Wednesday 2 September 2015

Yvette Cooper: UK should take in 10,000 Middle East refugees 

Yvette Cooper has urged the UK political class to take greater responsibility for thousands of refugees crossing into Eastern Europe, Greece and Italy, saying Britain had to be true to its values and history by taking up to 10,000 people fleeing the political turmoil in the Middle East.
“Britain has to respond to a humanitarian crisis on a scale we have not seen on our continent since the second world war,” the shadow home secretary said, breaking the apparent political taboo on the UK’s response to the European-wide migration crisis.

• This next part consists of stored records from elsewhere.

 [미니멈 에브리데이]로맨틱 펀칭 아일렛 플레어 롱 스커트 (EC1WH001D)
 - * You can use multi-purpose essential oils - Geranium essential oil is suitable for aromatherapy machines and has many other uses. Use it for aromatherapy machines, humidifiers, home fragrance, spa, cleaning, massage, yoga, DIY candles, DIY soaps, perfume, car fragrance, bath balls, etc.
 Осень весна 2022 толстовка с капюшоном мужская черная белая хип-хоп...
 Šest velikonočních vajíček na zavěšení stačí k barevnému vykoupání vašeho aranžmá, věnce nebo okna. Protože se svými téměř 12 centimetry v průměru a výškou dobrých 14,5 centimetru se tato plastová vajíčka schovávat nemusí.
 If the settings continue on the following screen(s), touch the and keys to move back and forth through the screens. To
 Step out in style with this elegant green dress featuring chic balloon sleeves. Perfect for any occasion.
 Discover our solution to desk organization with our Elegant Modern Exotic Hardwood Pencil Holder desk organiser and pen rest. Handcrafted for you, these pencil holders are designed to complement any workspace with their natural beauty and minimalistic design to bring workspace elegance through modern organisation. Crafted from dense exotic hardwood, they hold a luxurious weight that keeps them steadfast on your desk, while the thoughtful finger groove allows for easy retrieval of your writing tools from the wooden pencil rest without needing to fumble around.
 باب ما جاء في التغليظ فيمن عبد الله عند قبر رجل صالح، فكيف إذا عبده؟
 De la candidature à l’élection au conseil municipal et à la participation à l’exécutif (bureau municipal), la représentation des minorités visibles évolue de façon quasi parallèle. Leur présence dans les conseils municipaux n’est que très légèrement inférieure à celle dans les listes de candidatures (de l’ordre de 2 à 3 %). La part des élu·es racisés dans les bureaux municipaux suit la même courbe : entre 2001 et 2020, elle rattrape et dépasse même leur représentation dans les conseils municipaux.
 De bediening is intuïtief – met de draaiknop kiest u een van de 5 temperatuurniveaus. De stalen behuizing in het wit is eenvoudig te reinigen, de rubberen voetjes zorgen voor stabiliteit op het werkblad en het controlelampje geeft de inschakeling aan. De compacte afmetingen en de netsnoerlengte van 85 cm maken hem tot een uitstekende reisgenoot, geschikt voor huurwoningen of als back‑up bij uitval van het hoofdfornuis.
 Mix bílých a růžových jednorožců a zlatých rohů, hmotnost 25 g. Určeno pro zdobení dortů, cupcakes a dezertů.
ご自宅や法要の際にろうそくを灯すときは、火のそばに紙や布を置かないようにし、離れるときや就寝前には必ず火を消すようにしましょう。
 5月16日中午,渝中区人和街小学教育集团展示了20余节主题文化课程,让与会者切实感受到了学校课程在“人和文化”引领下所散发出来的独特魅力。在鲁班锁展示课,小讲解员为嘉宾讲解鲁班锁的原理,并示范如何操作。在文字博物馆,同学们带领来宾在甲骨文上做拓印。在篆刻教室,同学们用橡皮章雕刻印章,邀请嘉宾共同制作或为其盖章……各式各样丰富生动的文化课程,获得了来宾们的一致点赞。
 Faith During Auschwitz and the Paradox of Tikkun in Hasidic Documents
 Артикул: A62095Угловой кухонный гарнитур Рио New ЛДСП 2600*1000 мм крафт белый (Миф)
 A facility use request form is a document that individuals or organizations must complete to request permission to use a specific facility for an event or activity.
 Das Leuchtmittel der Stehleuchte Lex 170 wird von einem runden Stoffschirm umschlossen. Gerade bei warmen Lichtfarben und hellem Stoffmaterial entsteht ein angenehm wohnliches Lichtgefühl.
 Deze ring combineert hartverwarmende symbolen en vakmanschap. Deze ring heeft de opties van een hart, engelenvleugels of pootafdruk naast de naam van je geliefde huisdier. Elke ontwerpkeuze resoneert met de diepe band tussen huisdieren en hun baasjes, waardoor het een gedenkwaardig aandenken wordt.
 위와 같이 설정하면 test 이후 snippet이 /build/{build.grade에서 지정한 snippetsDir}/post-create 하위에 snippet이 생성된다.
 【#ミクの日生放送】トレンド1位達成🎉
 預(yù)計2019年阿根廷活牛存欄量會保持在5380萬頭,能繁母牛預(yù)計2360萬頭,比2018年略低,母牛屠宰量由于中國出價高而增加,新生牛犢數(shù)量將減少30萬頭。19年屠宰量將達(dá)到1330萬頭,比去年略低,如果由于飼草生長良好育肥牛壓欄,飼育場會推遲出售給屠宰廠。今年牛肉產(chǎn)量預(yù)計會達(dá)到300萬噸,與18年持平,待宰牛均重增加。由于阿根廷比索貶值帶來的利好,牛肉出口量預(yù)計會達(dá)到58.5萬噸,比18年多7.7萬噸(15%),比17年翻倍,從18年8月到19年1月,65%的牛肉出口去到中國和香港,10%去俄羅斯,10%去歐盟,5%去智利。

Cooper said Theresa May, the home secretary, should end the paralysis and convene an urgent special conference with local councils to discuss how many refugees each town and city could take.
Her plan would require extra central government funding. The cash-strapped Local Government Association refused to comment on her plan, saying it was part of the Labour leadership contest, but Cooper said she will open talks with Labour councils herself if necessary to show May there is a willingness among local authorities to help – if funding is provided.
She suggested that if each town housed 10 refugee families, Britain could take in as many as 10,000 people in one month, not just from Syria, but also from Iraq and Libya. The UK government has so far taken only 200 refugees from Syria, although it has promised to a take a few hundred more as well as fund refugee settlements on the Syrian border.
Cooper’s call, which is likely to be politically unpopular, was echoed by the other Labour leadership candidates in a Channel 4 hustings, but none put a specific number on those Britain should welcome. Cooper said British people would respond if the government disentangled the issue of immigration from asylum, and pointed out that Germany was taking more refugees in a month than Britain accepts in a year.
Speaking at the Centre for European Reform on Tuesday, Cooper said Britain was “stuck in political cowardice that assumes British voters’ unease about immigration means they will not forgive anyone who calls for sanctuary – even though our nation has given shelter to the persecuted for centuries, and sometimes moral leadership is needed”.
In contrast to the Ukip leader, Nigel Farage, who said many fleeing the Middle East were not refugees, she said: “Hundreds of thousands of refugees are fleeing from a new totalitarianism and Europe has to help – just as we did in generations past. We cannot carry on like this. It’s immoral, it’s cowardly and it’s not the British way.”